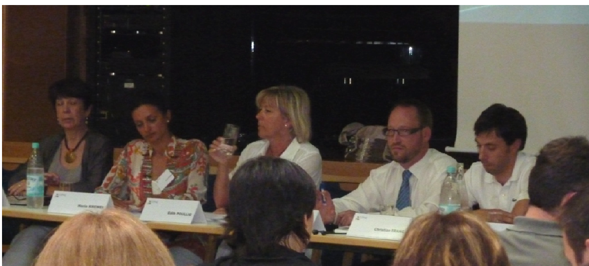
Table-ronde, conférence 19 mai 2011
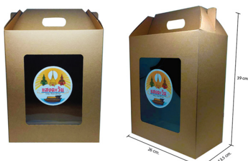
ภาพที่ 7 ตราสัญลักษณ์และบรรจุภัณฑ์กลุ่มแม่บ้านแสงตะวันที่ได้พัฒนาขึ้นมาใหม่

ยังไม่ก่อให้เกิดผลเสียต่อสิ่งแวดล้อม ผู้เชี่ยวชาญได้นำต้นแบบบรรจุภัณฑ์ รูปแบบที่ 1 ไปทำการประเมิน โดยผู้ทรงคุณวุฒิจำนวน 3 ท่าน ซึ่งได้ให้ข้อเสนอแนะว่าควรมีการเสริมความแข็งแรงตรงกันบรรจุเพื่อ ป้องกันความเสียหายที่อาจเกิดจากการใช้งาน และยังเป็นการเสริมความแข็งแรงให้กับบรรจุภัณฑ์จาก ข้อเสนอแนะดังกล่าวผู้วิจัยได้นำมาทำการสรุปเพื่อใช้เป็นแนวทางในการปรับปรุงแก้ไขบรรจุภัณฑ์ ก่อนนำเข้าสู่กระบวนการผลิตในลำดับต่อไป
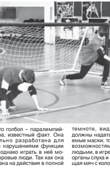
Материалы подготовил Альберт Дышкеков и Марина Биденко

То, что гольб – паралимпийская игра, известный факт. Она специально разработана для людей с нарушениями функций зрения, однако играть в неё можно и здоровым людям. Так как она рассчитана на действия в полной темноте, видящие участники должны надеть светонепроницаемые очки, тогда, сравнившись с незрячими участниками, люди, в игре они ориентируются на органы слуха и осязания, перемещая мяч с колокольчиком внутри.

What you need to do - Print the whole listing above exactly, and keep every picture out of the copy.

Answer box -
Table-ronde, conférence 19 mai 2011
ภาพที่ 7 ตราสัญลักษณ์และบรรจุภัณฑ์กลุ่มแม่บ้านแสงตะวันที่ได้พัฒนาขึ้นมาใหม่

ยังไม่ก่อให้เกิดผลเสียต่อสิ่งแวดล้อม ผู้เชี่ยวชาญได้นำต้นแบบบรรจุภัณฑ์ รูปแบบที่ 1 ไปทำการประเมิน โดยผู้ทรงคุณวุฒิจำนวน 3 ท่าน ซึ่งได้ให้ข้อเสนอแนะว่าควรมีการเสริมความแข็งแรงตรงกันบรรจุเพื่อ ป้องกันความเสียหายที่อาจเกิดจากการใช้งาน และยังเป็นการเสริมความแข็งแรงให้กับบรรจุภัณฑ์จาก ข้อเสนอแนะดังกล่าวผู้วิจัยได้นำมาทำการสรุปเพื่อใช้เป็นแนวทางในการปรับปรุงแก้ไขบรรจุภัณฑ์ ก่อนนำเข้าสู่กระบวนการผลิตในลำดับต่อไป
Материалы подготовил Альберт Дышкеков и Марина Биденко

То, что гольб – паралимпийская игра, известный факт. Она специально разработана для людей с нарушениями функций зрения, однако играть в неё можно и здоровым людям. Так как она рассчитана на действия в полной темноте, видящие участники должны надеть светонепроницаемые очки, тогда, сравнившись с незрячими участниками, люди, в игре они ориентируются на органы слуха и осязания, перемещая мяч с колокольчиком внутри.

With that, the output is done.